Based on the four dominant types of strategic alignment, identified in section 3.3.3, the organization will be categorized and the identified risks (environmental influences and the BIA risk assessment with management) will be mapped to the specific alignment criteria to determine the soll-position of the organization and to select the relevant criteria based on the planned level of reliance, the nature and inherent risks related to the Business and IT alignment environment. This will serve as a set of control criteria (BIA audit baseline) that will be used during the audit procedures.

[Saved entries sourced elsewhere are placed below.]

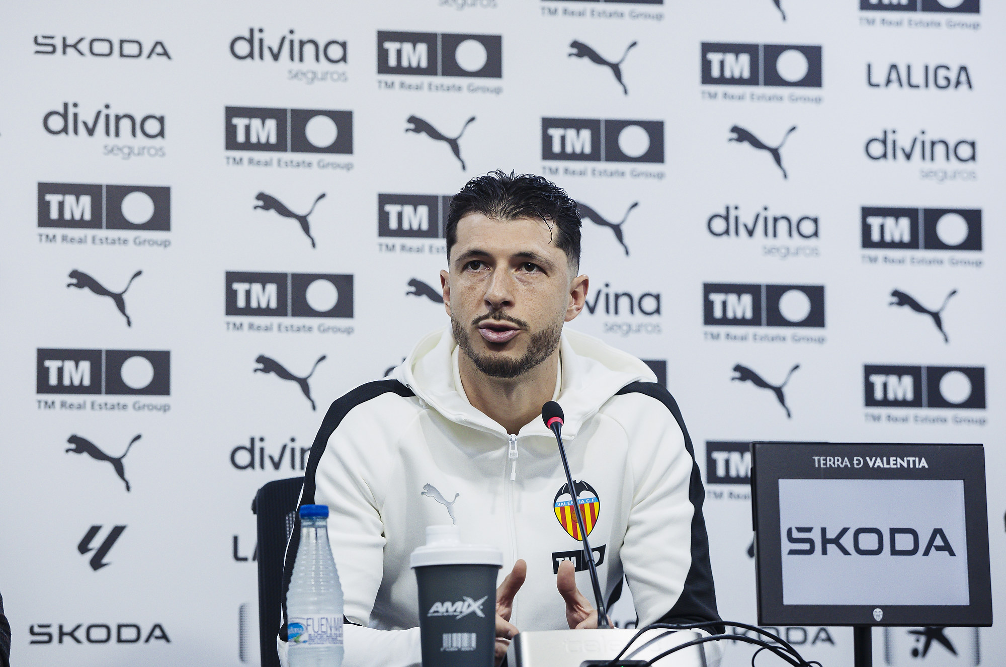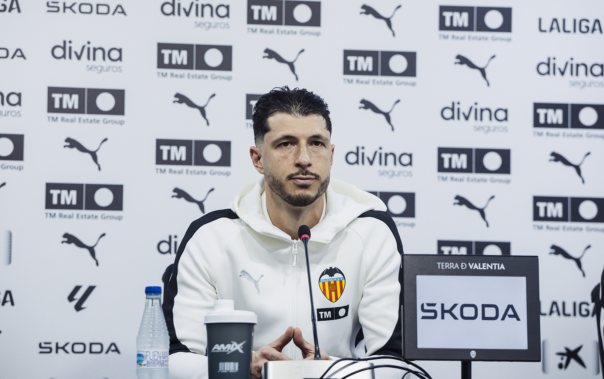 “Estoy muy contento y feliz y lo voy a tratar de demostrar en el día a día y en el campo, tenía ganas de volver a jugar en LALIGA y venir al Valencia CF. Desde el momento en el que empezó la negociación y la posibilidad, estuve muy contento de venir Hice fuerza y tenía ganas de volver. En los papeles están estos meses, pero me encantaría hacer las cosas bien aquí para que el Club quiera que me quede y yo querer quedarme también”.
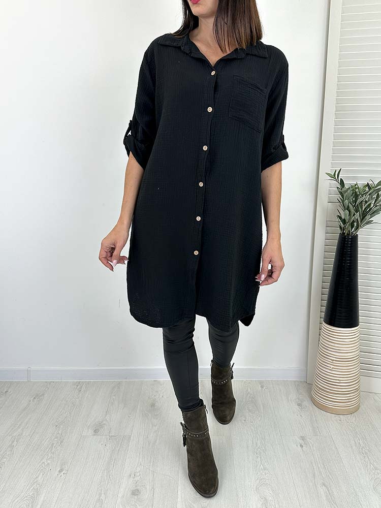 Tunika  , długa muślinowa koszulowa  to stylowy wybór dla każdej kobiety. Zapinana na guziki , podpinany rękawy, luźny krój, dłuższy tył
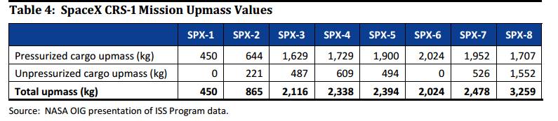 CRS-1到8任务中的货物量,可以看出来,几乎就没装满过
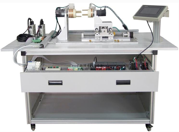1. 機(jī)構(gòu)部分:包括實訓(xùn)桌、工業(yè)鋁型材、抽屜、二軸旋轉(zhuǎn)模型(含精密滾珠絲桿、主軸同步機(jī)構(gòu)、檢測傳感器、限位開關(guān))等組成。
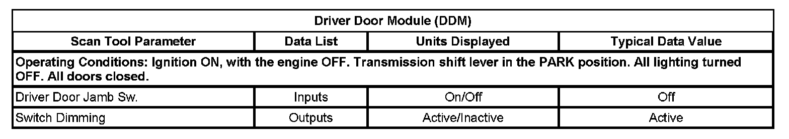 Scan Tool Data List - Drivers Door Module (DDM)
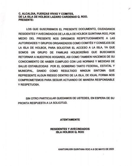 Y es que el documento va dirigido a las autoridades de la alcaldía y las fuerzas vivas de la isla de Holbox, ya que el temor de las familias de no permitir el ingreso de personas es por temor a ser contagiados por el Covid-19.
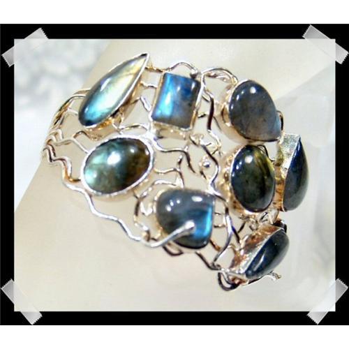 Sophisticated, superb craftsmanship with the finest quality silver adorned with extravagant natural labradorite gemstones! This cuff sports a unique design enhanced with bold graceful lines. The height is 43mm with a gram weight of 48. Inside measurement of 7" with an opening of .25".

4.4.4 Perform Audit Procedures The next phase is performing the fieldwork based on the BIA audit work program. Refer to section 3.4 for the contents of this control framework. The main purpose to use such a work program is for guidance and to minimize the level of professional judgment to achieve a more objective opinion on the alignment within the organization. Audit evidence is relevant when it assists in achieving the audit objectives. Sufficiency is the measure of the quantity of audit evidence. Appropriateness is the measure of the quality of audit evidence. The reliability of audit evidence is influenced by its source and its nature and is dependent on the individual circumstances under which it is obtained. Professional judgment and exercise professional skepticism is applied in determining the quantity and quality of audit evidence, and thus its sufficiency and appropriateness, to support the audit opinion (IAASB, 2006). In this case, the BIA audit is subject to a high level of professional judgment and therefore the evidence gathering is very important to support the audit opinion. The case study in chapter five will prove whether sufficient and appropriate audit evidence can be obtained.

28

4.4.5 Risk Assessment and Responses After the fieldwork, the risk and response table will be updated and completed and based on the initial risk assessment any additional risks are determined. The BIA engagement team then has to decide whether sufficient appropriate evidence has been obtained to express a negative conclusion (this is the case in a limited assurance engagement, such as the BIA assurance engagement) on the BIA subject. If sufficient appropriate evidence has not been obtained, additional procedures should be performed and included in the risk and response table. If sufficient appropriate evidence cannot not be obtained, consultation with the client organization is required to discuss the impact on the conclusion (PwC, 2008).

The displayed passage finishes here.